* _Given data_
# # # # #

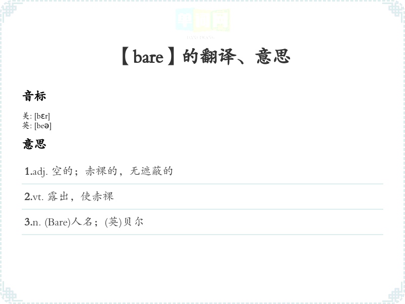 【bare】是什么意思、字义解释
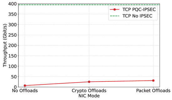 For each test, the host system’s IPsec SAs and policies were configured using the Linux iproute2-6.11.0 utility, with the appropriate offload flags (no offload, crypto offload, packet offload) set to control the behavior of the DPU. The PQC handshake and key management were orchestrated using custom scripts. Traffic generation was performed using iperf3, with careful attention paid to the number of parallel connections, the packet size, and the duration of each test. Throughput was measured as reported by iperf3, while CPU utilization was monitored using mpstat and system resource monitors. Hardware offload activity was confirmed by querying DPU counters via ethtool-S and inspecting sysfs/debugfs entries for ESP and IPsec statistics.
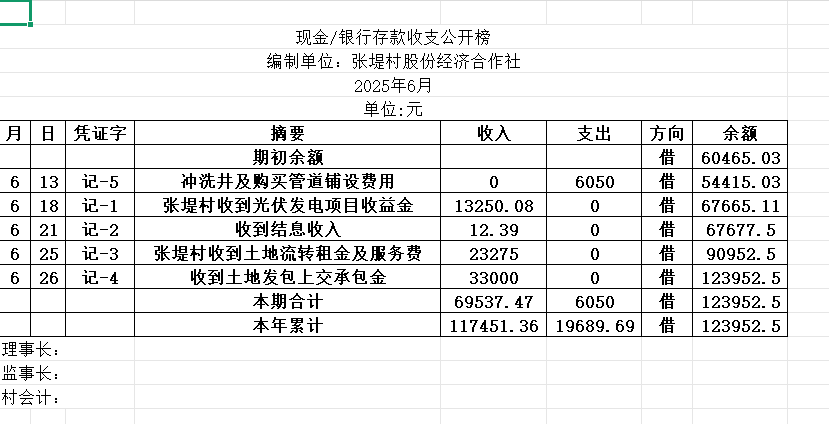 阳谷县金斗营镇张堤村资金公开明细表25.06

# # # # #

* _What you should do_
Write out the data above precisely. Pictures stay out.

* _Task output_
 【bare】是什么意思、字义解释
 For each test, the host system’s IPsec SAs and policies were configured using the Linux iproute2-6.11.0 utility, with the appropriate offload flags (no offload, crypto offload, packet offload) set to control the behavior of the DPU. The PQC handshake and key management were orchestrated using custom scripts. Traffic generation was performed using iperf3, with careful attention paid to the number of parallel connections, the packet size, and the duration of each test. Throughput was measured as reported by iperf3, while CPU utilization was monitored using mpstat and system resource monitors. Hardware offload activity was confirmed by querying DPU counters via ethtool-S and inspecting sysfs/debugfs entries for ESP and IPsec statistics.
 阳谷县金斗营镇张堤村资金公开明细表25.06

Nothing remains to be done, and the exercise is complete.